L’attenzione degli osservatori economici si focalizza quindi sul tasso d’interesse reale, che torna a scendere dopo l’ultima mossa dell’istituto centrale, in un contesto di inflazione pari al 19.6% nel mese di settembre. Per la media del 2021, l’ultimo World Economic Outlook del Fondo Monetario Internazionale prevede un tasso di inflazione al 17%, ed un calo a quota 15% per il 2022. La situazione inflazionistica turca non sembra quindi orientata verso una risoluzione di breve periodo.

Turchia: Prezzi medi al consumo (Var. % in valuta nazionale)
Fonte: Elaborazioni ExportPlanning su dati Fondo Monetario Internazionale.


Secondo quanto dichiarato dalla banca centrale, i motivi di questa scelta risiederebbero nella lotta all’effetto di contrazione dei prestiti commerciali e personali esercitato dagli alti tassi di interesse, che si starebbe rivelando maggiore delle attese.

L’effetto dell’ultima mossa della TCMB sul tasso di cambio della valuta nazionale è stato quello di un inevitabile ulteriore indebolimento: soltanto negli ultimi due giorni, la lira ha perso il 3.7% del suo valore rispetto al dollaro (e il 16.2% dall’inizio di settembre).


Fuga dal rischio?

Non è però soltanto la lira turca ad essere salita al centro della scena forex nel corso della settimana. Allargando lo sguardo, le valute forti sembrano infatti catturare l’attenzione degli analisti, nonché le preferenze degli investitori.
Guardando al dollaro USA, si nota come la valuta stia attualmente attraversando i suoi momenti di maggiore forza nel corso dell’ultimo anno. Nello specifico, il biglietto verde ha raggiunto un punto di massimo a inizio ottobre, toccando quota 1.15 (USD per EUR), per poi chiudere la settimana a 1.16.


Se il trend del dollaro si lega alle aspettative di un atteso ciclo restrittivo della politica monetaria USA, a livello globale tale dinamica sembrerebbe afferire anche ad un diffuso sentiment di fuga dal rischio. Osservando la recente dinamica dei tassi di cambio rispetto al dollaro, si nota la presenza di un indebolimento in America latina e in diversi paesi dell’Est Europa (Romania, Ungheria, Repubblica Ceca e Polonia), mentre si apprezzano le valute dei paesi nordici europei come la corona svedese, norvegese e la sterlina britannica; stesso trend di rafforzamento anche per il dollaro canadese e australiano.
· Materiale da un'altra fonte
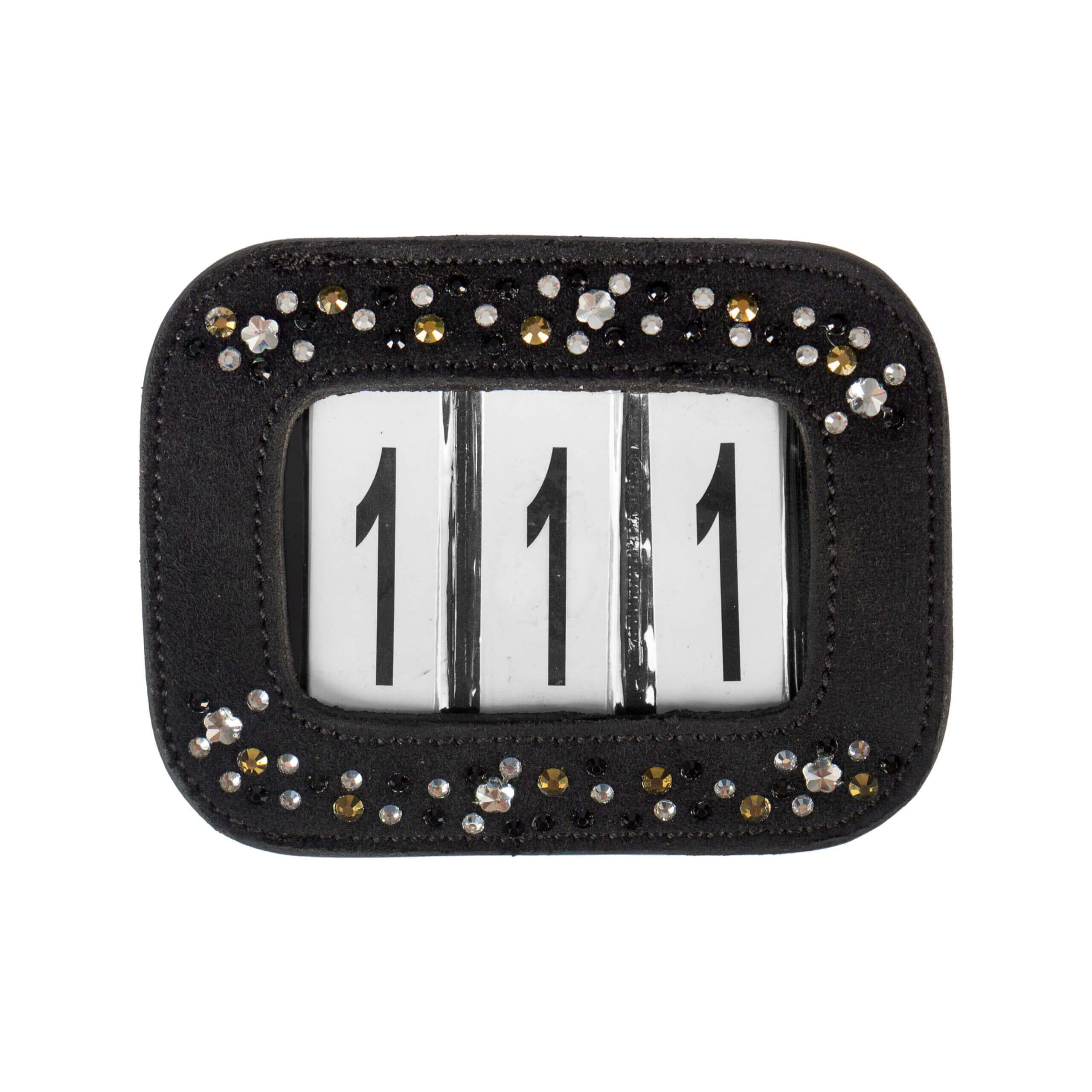 Stijlvolle nummerhouder voor wedstrijden welke gemakkelijk bevestigd kan worden aan het zadeldek of hoofdstel. Wordt geleverd met verwisselbare nummers. Afmeting: Lengte: 12 cm Breedte: 9.5 cm Materiaal: Leer

Last but not least, nel rafforzamento di molteplici valute dei paesi developed non si legge soltanto la ricerca di un porto sicuro. In alcuni casi è infatti necessario citare anche l’attuale questione energetica, ovvero il recente aumento dei prezzi delle commodity, che per alcuni beni hanno superato i livelli antecedenti alla crisi Covid: si pensi ad esempio alle recenti dinamiche di petrolio e gas naturale. Il caso della Russia, paese che non rientra ancora nel cluster degli sviluppati, ma che rappresenta uno dei maggiori esportatori di petrolio su scala mondiale, conferma con il recente rafforzamento della sua valuta il contributo del fattore prezzi alla dinamica dei tassi di cambio.